LAKE TAPPS, Wash. Neighbors of a Washington state man accused of gunning down 16 Afghan women and children in a nighttime rampage describe him as a family man, playing with his two kids outside his home.
Reporters swarmed a neighborhood in a rural, wooded community about 35 miles south of Seattle, as attorney John Henry Browne confirmed the suspect, his client, was Army Staff Sgt. Robert Bales from Lake Tapps, Wash.
"I just can't believe Bob's the guy who did this," said Paul Wohlberg, a next-door neighbor who said his family was friends with the Bales. "A good guy got put in the wrong place at the wrong time . I never thought something like this would happen to him."
Five days after the shooting, a senior U.S. official first confirmed Friday it was Bales, speaking on condition of anonymity because of the sensitivity of the investigation into an incident that has roiled relations with Afghanistan. Military officials had said throughout the week that it was policy not to release the name until charges were filed.
Kassie Holland, who lives next door, said she would often see Bales playing with his two kids and the family together at the modern split-level home.
"My reaction is that I'm shocked," she said. "I can't believe it was him. There were no signs. It's really sad. I don't want to believe that he did it."
"He always had a good attitude about being in the service. He was never really angry about it. When I heard him talk, he said, it seemed like, yeah, that's my job. That's what I do. He never expressed a lot of emotion toward it."
Bales has not yet been charged.
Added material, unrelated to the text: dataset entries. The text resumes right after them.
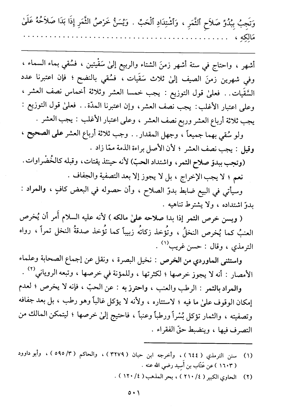 (ويسن خرص الثمر إذا بدا صلاحه على مالكه) لأنه عليه السلام أَمر أن يُخرص العنبُ كما يُخرص النخلُ، وتُؤخذ زكاتُه زبيبًا كما تُؤخذ صدقةُ النخل تمرًا، رواه الترمذي، وقال: حسن غريب (١).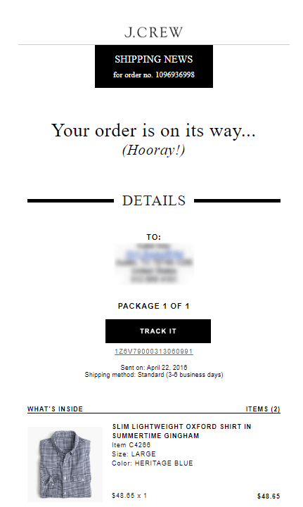 The other essential part of an effective shipping confirmation email is what you see below: a friendly, reassuring or congratulatory tone that reflects your brand voice: “Your order is on its way…Hooray!” This helps inform the customer of the status of the shipment. An added touch is providing easy and tap friendly tracking to help the customer follow their package’s progress.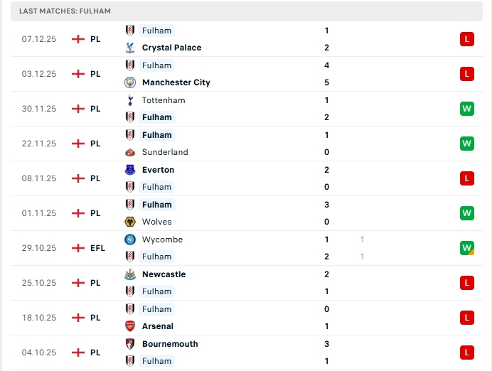 Fulham sau 15 trận đấu , hàng công chơi tốt khi mang về 20 bàn thắng, cùng hàng thủ nhận 24 bàn thua, khi xa nhà Fulham cũng thường nhập cuộc với sự chắc chắn, hàng công đang chơi không quá tốt sẻ khiến Fulham gặp khó khi xa nhà.

He was flown Friday from Kuwait and arrived Friday evening at a military detention center at Fort Leavenworth, Kan., the military's only maximum-security prison.
The Army said he was placed in his own cell, not a normal 4-person bay. He will get time out of his cell for hygiene and recreational purposes and religious support, if he desires
An Air Force cargo jet arrived at Kansas City International Airport, about an hour from the military prison, shortly after 9 p.m. Friday. Security was tight, with the terminal completely blocked off, and convoy of unmarked vehicles pulled off the tarmac and out of the airport.
Military officials say the soldier received sniper training and is assigned to the 2nd Battalion, 3rd Infantry Regiment of the 3rd Stryker Brigade Combat Team, of the 2nd Infantry Division, which is based at Lewis-McChord and has been dispatched to Iraq three times since 2003.
"I kind of sympathize for him, being gone, being sent over there four times," Beau Britt, who lives across the street. "I can understand he's probably quite wracked mentally, so I just hope that things are justified in court. I hope it goes OK."